● TASK ITEM: Below, find the line containing "跨境不锈钢毛巾环卫生间免打孔毛巾挂环浴室免钉椭圆形毛巾架"; from there to the final line, print every line exactly and skip the pictures.

___

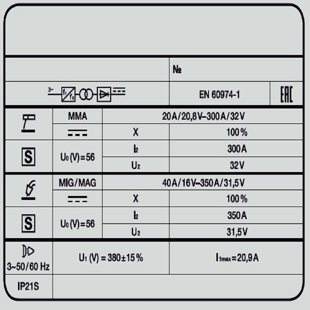 Сварочный полуавтомат FOXWELD INVERMIG 351 PWE — профессиональный промышленный трёхфазный инвертор, позволяющий производить сварку изделий из низкоуглеродистой и легированной стали. Аппарат позволяет проводить полуавтоматическую сварку сплошной проволокой в среде защитного газа MIG/MAG и порошковой проволокой без использования защитного газа, а также ручную дуговую сварку (MMA) штучными электродами. Регулировка индуктивности позволяет вести процесс сварки с минимальным разбрызгиванием металла и приспосабливать процесс к любому типу работ. Конструктивное исполнение сварочного аппарата позволяет промышленному предприятию получить готовый, полноценный сварочный пост благодаря комплекту транспортировочных колёс и раме с платформой для установки газового баллона. На верхней части корпуса сварочного аппарата расположена площадка со специальным прорезиненным покрытием для размещения и хранения инструментов, необходимых сварщику в процессе работы. INVERMIG 351 PWE предназначен для проведения авторемонтных работ, а также в отраслях по производству различных стальных конструкций.РАБОТА БЕЗ ОСТАНОВКИ: ПВ 100% на максимальном токе при КПД 85% обеспечивает бесперебойную устойчивую работу на протяжении всего трудового дня. На задней панели расположена розетка 36 В для подключения подогревателя газа, который необходим для защиты обледенения редуктора во время продолжительной работы.РЕГУЛИРОВКА ИНДУКТИВНОСТИ: С помощью ручной настройки индуктивности можно дополнительно регулировать сварочную дугу для формирования нужного сварного шва. Регулировка индуктивности позволяет вести процесс сварки с минимальным разбрызгиванием металла и приспосабливать процесс к любому типу работ.СВАРКА БЕЗ ЗАЩИТНОГО ГАЗА: Сварочный аппарат позволяет использовать самозащитную сварочную проволоку при полуавтоматической сварке. Самозащитная порошковая проволока даёт возможность проводить сварочные работы без газа, что упрощает процесс сварки даже для неопытного пользователя. Нет необходимости в применении защитного газа, тяжёлых и громоздких газовых баллонов.2 ЦИФРОВЫХ ДИСПЛЕЯ: На панели управления аппарата расположены 2 цифровых дисплея, отображающие значение тока и напряжения во время сварочного процесса, а также индикаторы сети и аварийной сигнализации термозащиты. 4 ручки позволяют регулировать силу сварочного тока в обоих режимах сварки, сварочное напряжение и индуктивность. С помощью кнопок можно менять режимы сварки и включать функцию протяжки проволоки.РАСШИРЕННАЯ КОМПЛЕКТАЦИЯ: Сварочная горелка, щиток сварщика, щётка, газовый шланг, регулятор расхода газа с подогревателем на 36 В, комплекты роликов и кабелей, тележка под баллон с транспортировочными колёсами – в комплекте есть всё для того, чтобы быстро приступить к работе.ПРЕИМУЩЕСТВА:4-роликовый механизм протяжки обеспечивает уверенную подачу даже мягкой проволоки (Al, Cu) и позволяет использовать горелки со шлангом длиной до 5 мВозможность сварки без газа самозащитной проволокойПолностью ручное управление, без влияния возможных погрешностей синергетикиТрёхфазное питание позволяет выдавать большую мощность аппаратам, с равномерной нагрузкой всех трёх линий электросетиПродолжительность работы при максимальном сварочном токе составляет 100% (ПВ 100%)Удобное и простое управление и
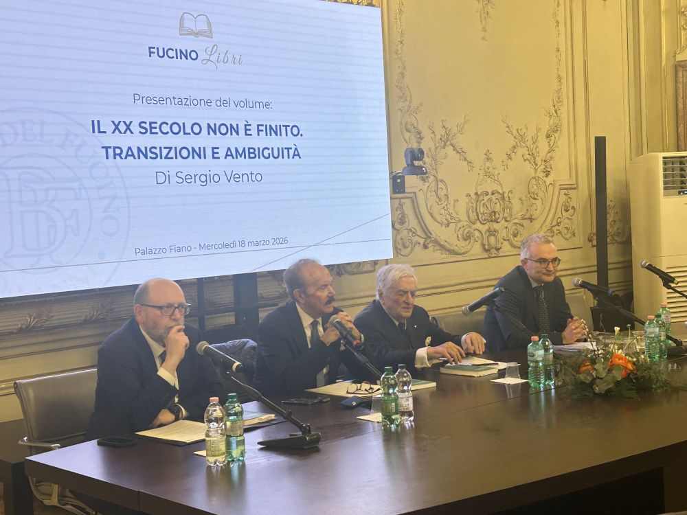 GD - Roma, 20 mar. 26 – La Banca del Fucino, il più antico istituto di credito privato di Roma, ha lanciato il progetto "Fucino Libri", una serie di appuntamenti periodici di approfondimento con autori e scrittori su temi di attualità, geopolitica e macroeconomia. Protagonista del primo incontro è stato il libro “Il XX secolo non è finito. Transizioni e Ambiguità”, scritto dal diplomatico ambasciatore Sergio Vento ed edito da Rubbettino. L'evento è stato introdotto da Mauro Masi, presidente dell'istituto di credito, che ha ricostruito i più recenti interventi della Banca del Fucino in campo culturale, dall'ingresso con un importante finanziamento nell'Opera di Roma durante il Covid, poi nel Bio-Parco e nell'Auditorium Parco della Musica.
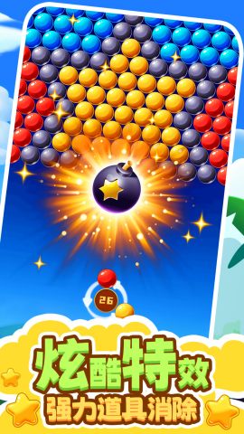 3、物理碰撞效果:泡泡反弹和碰撞遵循真实的物理规则,战略弹射显示出更多的技巧。
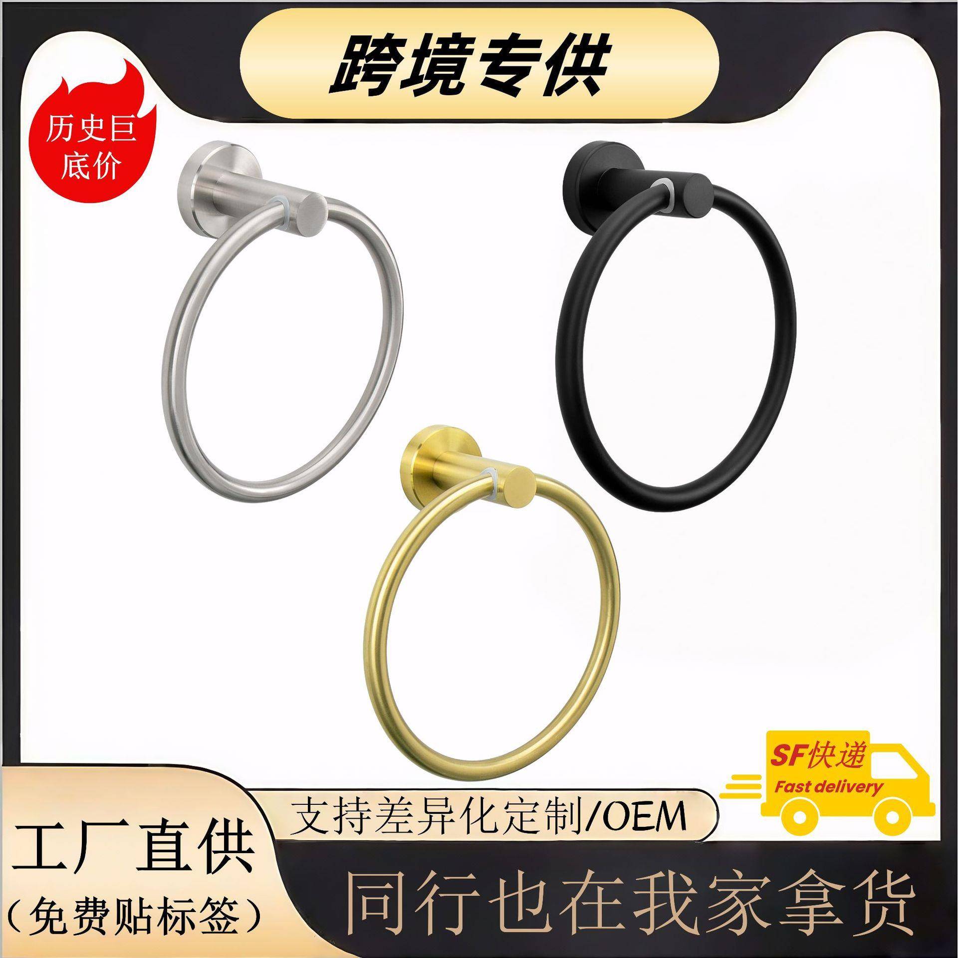 跨境不锈钢毛巾环卫生间免打孔毛巾挂环浴室免钉椭圆形毛巾架
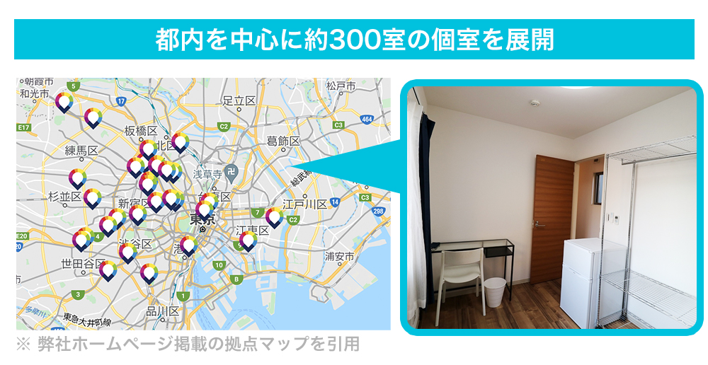 約3ヶ月の準備期間で都内に約300部屋の個室を確保し、6月8日にベータ版としてサービスを開始しました。
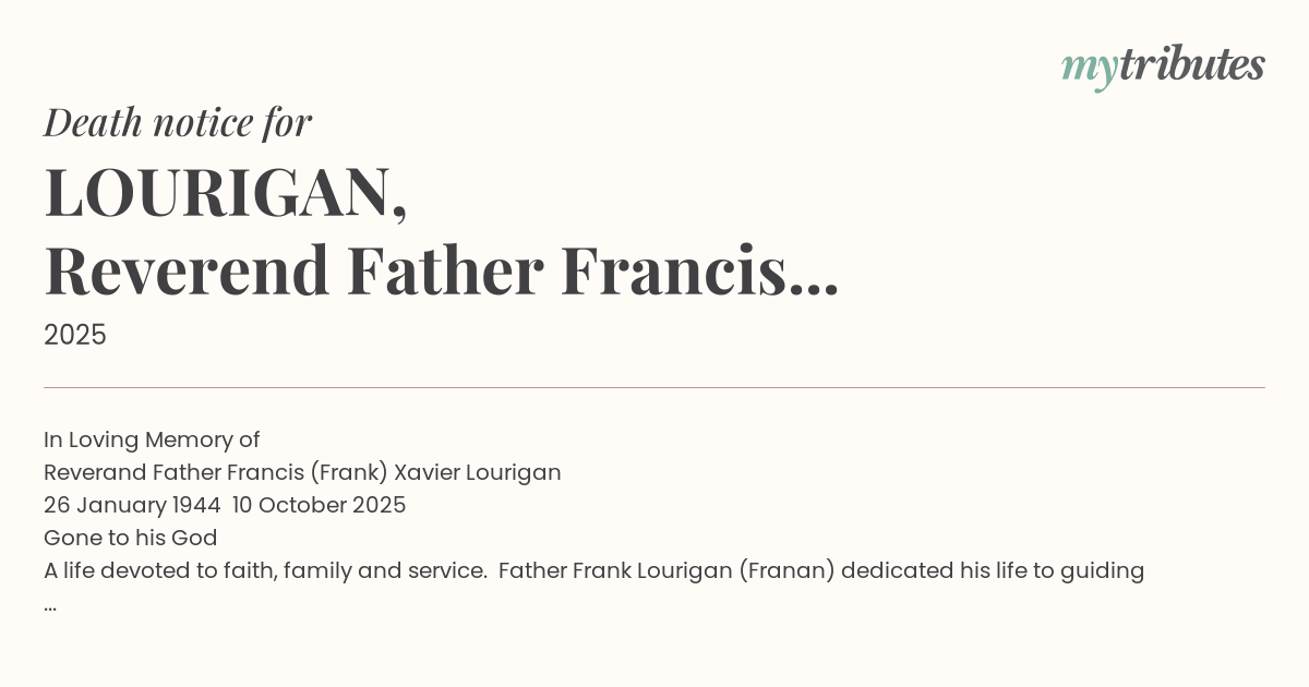 Reverand Father Francis (Frank) Xavier Lourigan

___

● SOLUTION TO THIS PROBLEM:
 跨境不锈钢毛巾环卫生间免打孔毛巾挂环浴室免钉椭圆形毛巾架
 約3ヶ月の準備期間で都内に約300部屋の個室を確保し、6月8日にベータ版としてサービスを開始しました。
 Reverand Father Francis (Frank) Xavier Lourigan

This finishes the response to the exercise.